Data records
=== Section Start ===

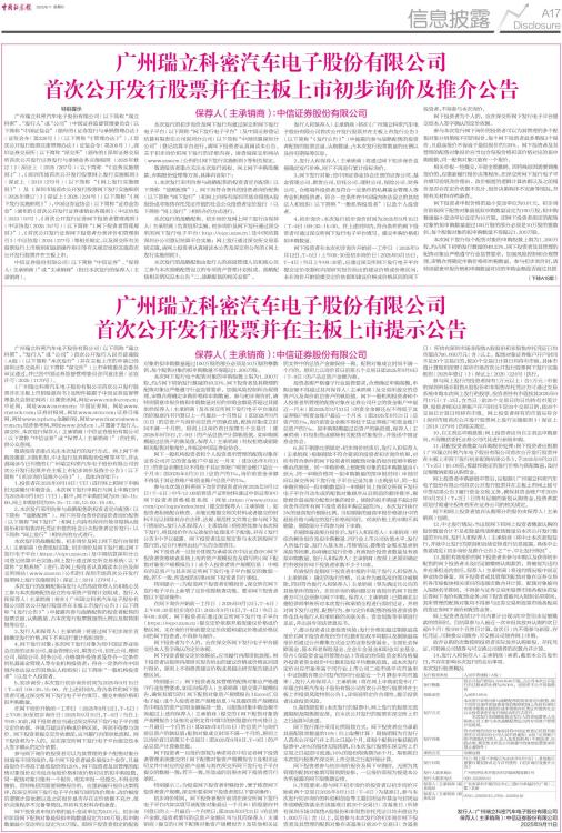 特别提示 广州瑞立科密汽车电子股份有限公司(以下简称“瑞立科密”、“发行人”或“公司”)中国证券监督管理委员会(以下简称“中国证监会”)颁布的《证券发行与承销管理办法》(证监会令〔第228号〕)(以下简称“《管理办法》”)、《首次公开发行股票注册管理办法》(证监会令〔第205号〕),深圳证券交易所(以下简称“深交所”)颁布的《深圳证券交易所首次公开发行证券发行与承销业务实施细则(2025年修订)》(深证上〔2025〕267号)(以下简称“《业务实施细则》”)、《深圳市场首次公开发行股票网上发行实施细则》(深证上〔2018〕279号)(以下简称“《网上发行实施细则》”)及《深圳市场首次公开发行股票网下发行实施细则(2025年修订)》(深证上〔2025〕224号)(以下简称“《网下发行实施细则》”),中国证券业协会(以下简称“证券业协会”)颁布的《首次公开发行证券承销业务规则》(中证协发〔2023〕18号)、《首次公开发行证券网下投资者管理规则》(中证协发〔2025〕57号)(以下简称“《网下投资者管理规则》”)、《首次公开发行证券网下投资者分类评价和管理指引》(中证协发〔2024〕277号)等相关规定,以及深交所有关股票发行上市规则和最新操作指引等有关规定组织实施首次公开发行股票并在主板上市。 中信证券股份有限公司(以下简称“中信证券”、“保荐人(主承销商)”或“主承销商”)担任本次发行的保荐人(主承销商)。 本次发行的初步询价及网下发行均通过深交所网下发行电子平台(以下简称“网下发行电子平台”)及中国证券登记结算有限责任公司深圳分公司(以下简称“中国结算深圳分公司”)登记结算平台进行,请网下投资者认真阅读本公告。关于初步询价和网下发行的详细内容,请查阅深交所网站(www.szse.cn)公布的《网下发行实施细则》等相关规定。 敬请投资者重点关注本次发行流程、网上网下申购及缴款、弃购股份处理等方面,具体内容如下: 1、本次发行采用向参与战略配售的投资者定向配售(以下简称“战略配售”)、网下向符合条件的投资者询价配售(以下简称“网下发行”)和网上向持有深圳市场非限售A股股份或非限售存托凭证市值的社会公众投资者定价发行(以下简称“网上发行”)相结合的方式进行。 本次发行的战略配售、初步询价及网上网下发行由保荐人(主承销商)负责组织实施。初步询价及网下发行通过深交所的网下发行电子平台(http://eipo.szse.cn)及中国结算深圳分公司登记结算平台实施;网上发行通过深交所交易系统实施,请网上投资者认真阅读本公告及深交所公布的《网上发行实施细则》。 本次发行的战略配售由发行人的高级管理人员和核心员工参与本次战略配售设立的专项资产管理计划组成。战略配售相关情况见本公告“二、战略配售的相关安排”。 发行人和保荐人(主承销商)将在《广州瑞立科密汽车电子股份有限公司首次公开发行股票并在主板上市发行公告》(以下简称“《发行公告》”)中披露向参与战略配售的投资者配售的股票总量、认购数量、占本次发行股票数量的比例以及持有期限等信息。 2、发行人和保荐人(主承销商)将通过网下初步询价直接确定发行价格,网下不再进行累计投标询价。 3、网下发行对象:经中国证券业协会注册的证券公司、基金管理公司、期货公司、信托公司、理财公司、保险公司、财务公司、合格境外投资者及符合一定条件的私募基金管理人等专业机构投资者;符合一定条件在中国境内依法设立的其他法人和组织(以下简称“一般机构投资者”)以及个人投资者。 4、初步询价:本次发行初步询价时间为2025年9月15日(T-4日)09:30-15:00。在上述时间内,符合条件的网下投资者可通过深交所网下发行电子平台填写、提交申购价格和拟申购数量。 网下投资者在本次初步询价开始前一工作日(2025年9月12日,T-5日)上午08:30至初步询价日(2025年9月15日,T-4日)当日上午09:30前,应通过深交所网下发行电子平台提交定价依据和内部研究报告给出的建议价格或价格区间。未在询价开始前提交定价依据和建议价格或价格区间的网下投资者,不得参与本次询价。 网下投资者为个人的,应在深交所网下发行电子平台提交经本人签字确认的定价依据。 参与本次发行网下询价的投资者可以为其管理的多个配售对象分别填报不同的报价,每个网下投资者最多填报3个报价,且最高报价不得高于最低报价的120%。网下投资者及其管理的配售对象报价应当包含每股价格和该价格对应的拟申购股数,同一配售对象只能有一个报价。 相关申报一经提交,不得全部撤销。因特殊原因需要调整报价的,应重新履行报价决策程序,在深交所网下发行电子平台填写说明改价理由、改价幅度的逻辑计算依据以及之前报价是否存在定价依据不充分、报价决策程序不完备等情况,并将有关材料存档备查。 网下投资者申报价格的最小变动单位为0.01元,初步询价阶段网下配售对象最低拟申购数量设定为100万股,拟申购数量最小变动单位设定为10万股,即网下投资者指定的配售对象的拟申购数量超过100万股的部分必须是10万股的整数倍,每个配售对象的拟申购数量不得超过1,200万股。 本次网下发行每个配售对象的申购股数上限为1,200万股,约占网下初始发行数量的49.33%。网下投资者及其管理的配售对象应严格遵守行业监
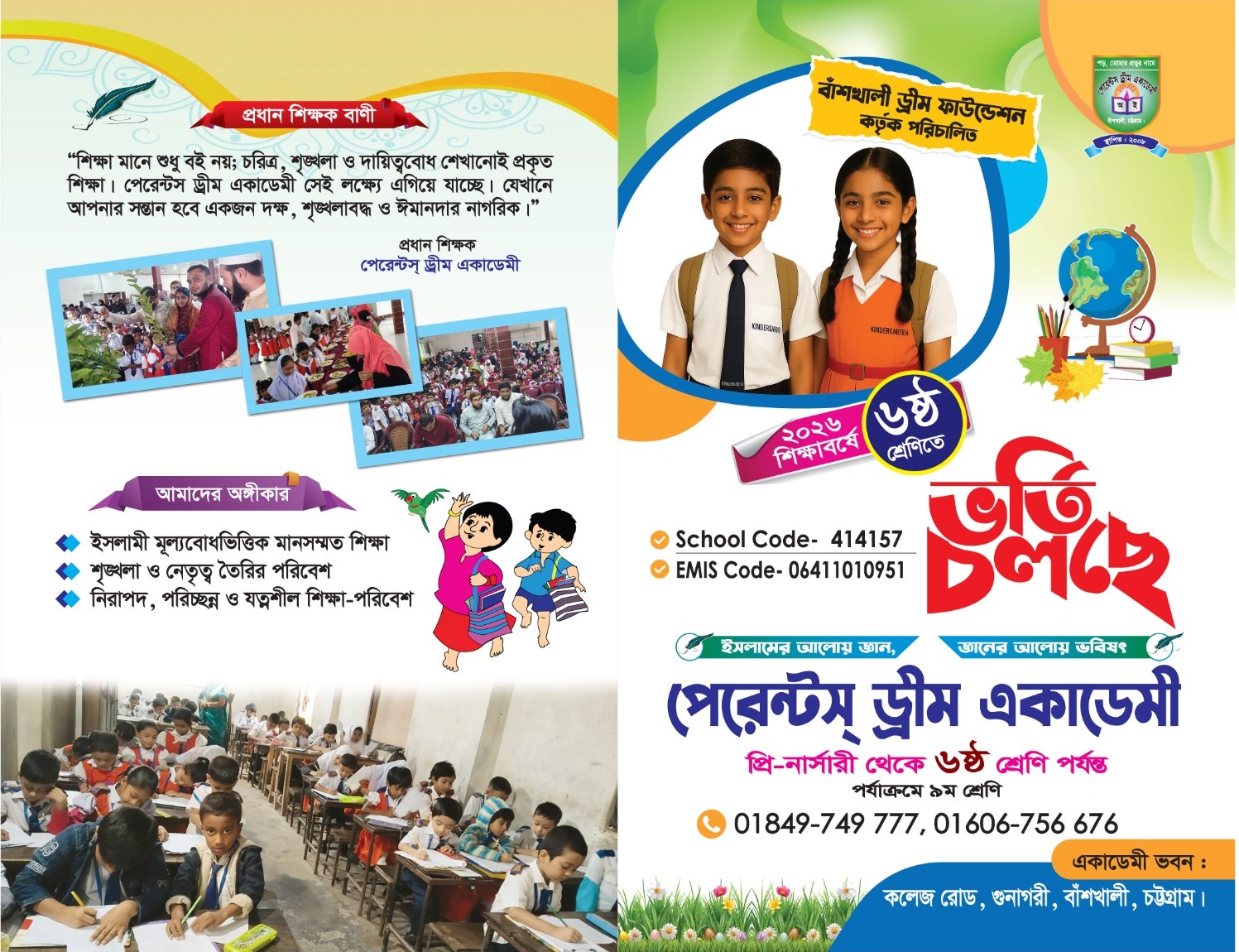 মোহাম্মদ আমিনুল ইসলাম চট্টগ্রাম বাঁশখালী প্রতিনিধি বাঁশখালী উপজেলার বানিজ্যিক রাজধানী হিসেবে খ্যাত গুনাগরী কলেজ রোডে অবস্থিত মানসম্মত শিক্ষা-বিষয়ক প্রতিষ্ঠান পেরেন্টস ড্রিম একাডেমি–তে আগামী ২০২৬ সাল থেকে আনুষ্ঠানিকভাবে ৬ষ্ঠ শ্রেণির পাঠদান আরও পড়ুন
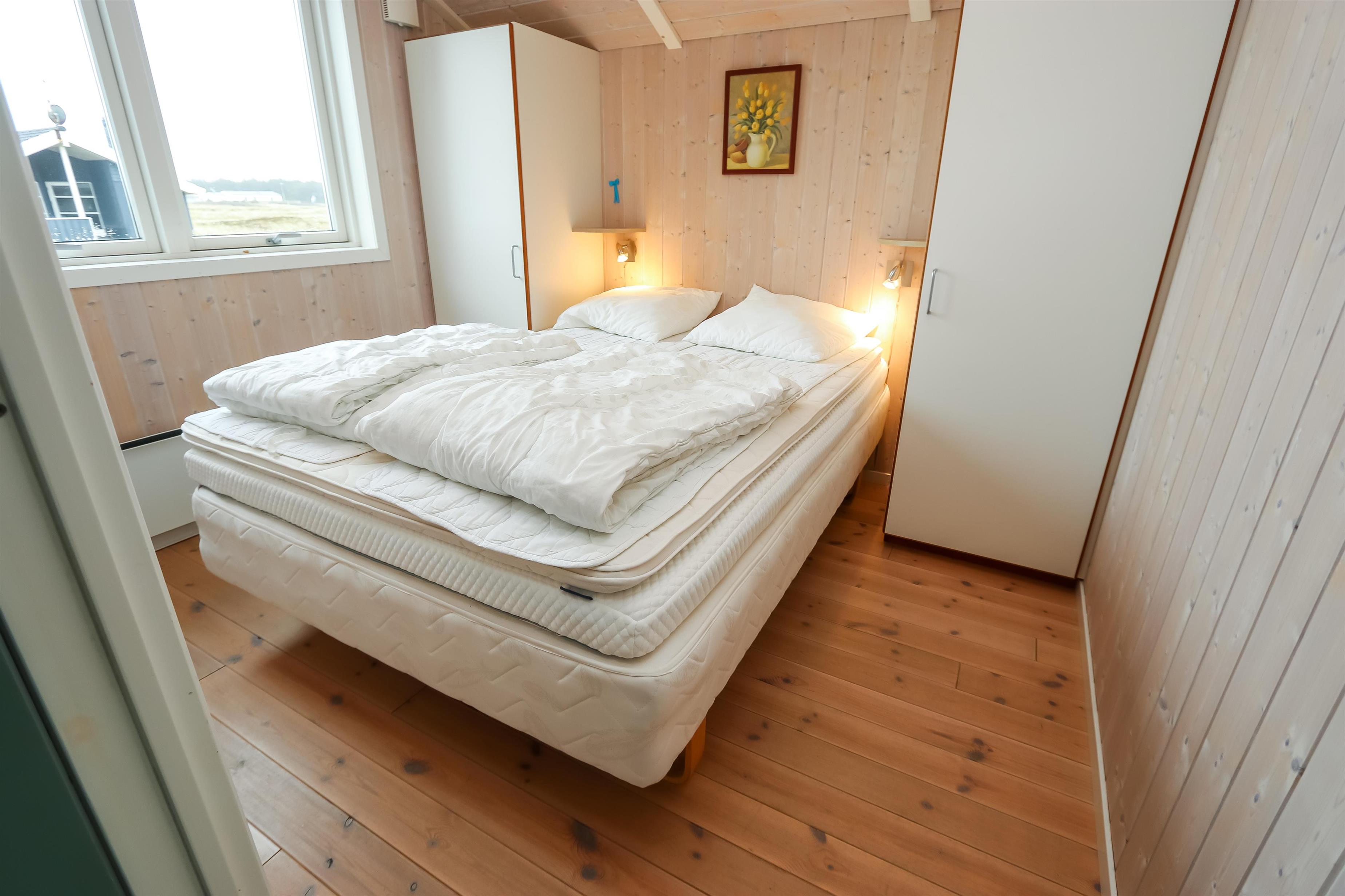 Godt feriehus på 99 m2 bygget i 2005 og løbende renoveret. Der er 3 soverum i huset (1DS, 1ES, 2ES). Desuden er der en hems, hvor der er 2 sovemuligheder. Husets stue er indrettet med lædermøbler af god kvalitet og indeholder desuden TV med danske og tyske programmer, DVD og CD-afspiller samt trægulv. Husets brændeovn og varmepumpe er medvirkende til at forbrugsomkostninger er lavere. Dejlig køkken med glaskeramisk komfur, opvaskemaskine, emhætte, mikroovn og køle-/fryseskab. Gulvet i køkkenafdelingen er linoleum. Der er 2 badeværelser i huset. Det ene badeværelse er med toilet, håndvask, bruser, spa og adgang til sauna. Det andet badeværelse er med toilet og håndvask. Der forefindes vaskemaskine og tørretumbler. Har man el-bil eller en Plug-In hybrid, så er der Ladeboks ved huset. Huset er et ikke ryger hus og husdyr er ikke tilladt.
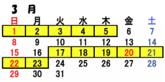 | 3月1日(日)〜5日(木) | 17日(火)〜23日(月) | |
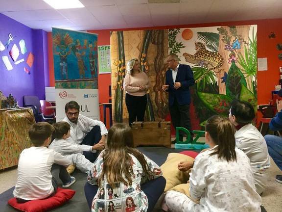 La diputada de Cultura, Lourdes Garrido y el delegado de Igualdad, Salud y Políticas Sociales, Rafael López, acompañados por el equipo directivo del centro sanitario, han asistido a esta actividad enmarcada en el 525 Aniversario del Encuentro entre dos Mundos, que se suma al programa de actividades que está realizando estos días el hospital para celebrar las fiestas navideñas junto a pacientes, familiares y profesionales. Además de asistir al cuentacuentos, a los niños participantes se les ha regalado un ejemplar del álbum, editado por la Diputación.

=== Section End ===

_Problem details_.
What is needed is an exact copy of the records above, with no pictures in it.

_The answer_.
 特别提示 广州瑞立科密汽车电子股份有限公司(以下简称“瑞立科密”、“发行人”或“公司”)中国证券监督管理委员会(以下简称“中国证监会”)颁布的《证券发行与承销管理办法》(证监会令〔第228号〕)(以下简称“《管理办法》”)、《首次公开发行股票注册管理办法》(证监会令〔第205号〕),深圳证券交易所(以下简称“深交所”)颁布的《深圳证券交易所首次公开发行证券发行与承销业务实施细则(2025年修订)》(深证上〔2025〕267号)(以下简称“《业务实施细则》”)、《深圳市场首次公开发行股票网上发行实施细则》(深证上〔2018〕279号)(以下简称“《网上发行实施细则》”)及《深圳市场首次公开发行股票网下发行实施细则(2025年修订)》(深证上〔2025〕224号)(以下简称“《网下发行实施细则》”),中国证券业协会(以下简称“证券业协会”)颁布的《首次公开发行证券承销业务规则》(中证协发〔2023〕18号)、《首次公开发行证券网下投资者管理规则》(中证协发〔2025〕57号)(以下简称“《网下投资者管理规则》”)、《首次公开发行证券网下投资者分类评价和管理指引》(中证协发〔2024〕277号)等相关规定,以及深交所有关股票发行上市规则和最新操作指引等有关规定组织实施首次公开发行股票并在主板上市。 中信证券股份有限公司(以下简称“中信证券”、“保荐人(主承销商)”或“主承销商”)担任本次发行的保荐人(主承销商)。 本次发行的初步询价及网下发行均通过深交所网下发行电子平台(以下简称“网下发行电子平台”)及中国证券登记结算有限责任公司深圳分公司(以下简称“中国结算深圳分公司”)登记结算平台进行,请网下投资者认真阅读本公告。关于初步询价和网下发行的详细内容,请查阅深交所网站(www.szse.cn)公布的《网下发行实施细则》等相关规定。 敬请投资者重点关注本次发行流程、网上网下申购及缴款、弃购股份处理等方面,具体内容如下: 1、本次发行采用向参与战略配售的投资者定向配售(以下简称“战略配售”)、网下向符合条件的投资者询价配售(以下简称“网下发行”)和网上向持有深圳市场非限售A股股份或非限售存托凭证市值的社会公众投资者定价发行(以下简称“网上发行”)相结合的方式进行。 本次发行的战略配售、初步询价及网上网下发行由保荐人(主承销商)负责组织实施。初步询价及网下发行通过深交所的网下发行电子平台(http://eipo.szse.cn)及中国结算深圳分公司登记结算平台实施;网上发行通过深交所交易系统实施,请网上投资者认真阅读本公告及深交所公布的《网上发行实施细则》。 本次发行的战略配售由发行人的高级管理人员和核心员工参与本次战略配售设立的专项资产管理计划组成。战略配售相关情况见本公告“二、战略配售的相关安排”。 发行人和保荐人(主承销商)将在《广州瑞立科密汽车电子股份有限公司首次公开发行股票并在主板上市发行公告》(以下简称“《发行公告》”)中披露向参与战略配售的投资者配售的股票总量、认购数量、占本次发行股票数量的比例以及持有期限等信息。 2、发行人和保荐人(主承销商)将通过网下初步询价直接确定发行价格,网下不再进行累计投标询价。 3、网下发行对象:经中国证券业协会注册的证券公司、基金管理公司、期货公司、信托公司、理财公司、保险公司、财务公司、合格境外投资者及符合一定条件的私募基金管理人等专业机构投资者;符合一定条件在中国境内依法设立的其他法人和组织(以下简称“一般机构投资者”)以及个人投资者。 4、初步询价:本次发行初步询价时间为2025年9月15日(T-4日)09:30-15:00。在上述时间内,符合条件的网下投资者可通过深交所网下发行电子平台填写、提交申购价格和拟申购数量。 网下投资者在本次初步询价开始前一工作日(2025年9月12日,T-5日)上午08:30至初步询价日(2025年9月15日,T-4日)当日上午09:30前,应通过深交所网下发行电子平台提交定价依据和内部研究报告给出的建议价格或价格区间。未在询价开始前提交定价依据和建议价格或价格区间的网下投资者,不得参与本次询价。 网下投资者为个人的,应在深交所网下发行电子平台提交经本人签字确认的定价依据。 参与本次发行网下询价的投资者可以为其管理的多个配售对象分别填报不同的报价,每个网下投资者最多填报3个报价,且最高报价不得高于最低报价的120%。网下投资者及其管理的配售对象报价应当包含每股价格和该价格对应的拟申购股数,同一配售对象只能有一个报价。 相关申报一经提交,不得全部撤销。因特殊原因需要调整报价的,应重新履行报价决策程序,在深交所网下发行电子平台填写说明改价理由、改价幅度的逻辑计算依据以及之前报价是否存在定价依据不充分、报价决策程序不完备等情况,并将有关材料存档备查。 网下投资者申报价格的最小变动单位为0.01元,初步询价阶段网下配售对象最低拟申购数量设定为100万股,拟申购数量最小变动单位设定为10万股,即网下投资者指定的配售对象的拟申购数量超过100万股的部分必须是10万股的整数倍,每个配售对象的拟申购数量不得超过1,200万股。 本次网下发行每个配售对象的申购股数上限为1,200万股,约占网下初始发行数量的49.33%。网下投资者及其管理的配售对象应严格遵守行业监
 মোহাম্মদ আমিনুল ইসলাম চট্টগ্রাম বাঁশখালী প্রতিনিধি বাঁশখালী উপজেলার বানিজ্যিক রাজধানী হিসেবে খ্যাত গুনাগরী কলেজ রোডে অবস্থিত মানসম্মত শিক্ষা-বিষয়ক প্রতিষ্ঠান পেরেন্টস ড্রিম একাডেমি–তে আগামী ২০২৬ সাল থেকে আনুষ্ঠানিকভাবে ৬ষ্ঠ শ্রেণির পাঠদান আরও পড়ুন
 Godt feriehus på 99 m2 bygget i 2005 og løbende renoveret. Der er 3 soverum i huset (1DS, 1ES, 2ES). Desuden er der en hems, hvor der er 2 sovemuligheder. Husets stue er indrettet med lædermøbler af god kvalitet og indeholder desuden TV med danske og tyske programmer, DVD og CD-afspiller samt trægulv. Husets brændeovn og varmepumpe er medvirkende til at forbrugsomkostninger er lavere. Dejlig køkken med glaskeramisk komfur, opvaskemaskine, emhætte, mikroovn og køle-/fryseskab. Gulvet i køkkenafdelingen er linoleum. Der er 2 badeværelser i huset. Det ene badeværelse er med toilet, håndvask, bruser, spa og adgang til sauna. Det andet badeværelse er med toilet og håndvask. Der forefindes vaskemaskine og tørretumbler. Har man el-bil eller en Plug-In hybrid, så er der Ladeboks ved huset. Huset er et ikke ryger hus og husdyr er ikke tilladt.
 | 3月1日(日)〜5日(木) | 17日(火)〜23日(月) | |
 La diputada de Cultura, Lourdes Garrido y el delegado de Igualdad, Salud y Políticas Sociales, Rafael López, acompañados por el equipo directivo del centro sanitario, han asistido a esta actividad enmarcada en el 525 Aniversario del Encuentro entre dos Mundos, que se suma al programa de actividades que está realizando estos días el hospital para celebrar las fiestas navideñas junto a pacientes, familiares y profesionales. Además de asistir al cuentacuentos, a los niños participantes se les ha regalado un ejemplar del álbum, editado por la Diputación.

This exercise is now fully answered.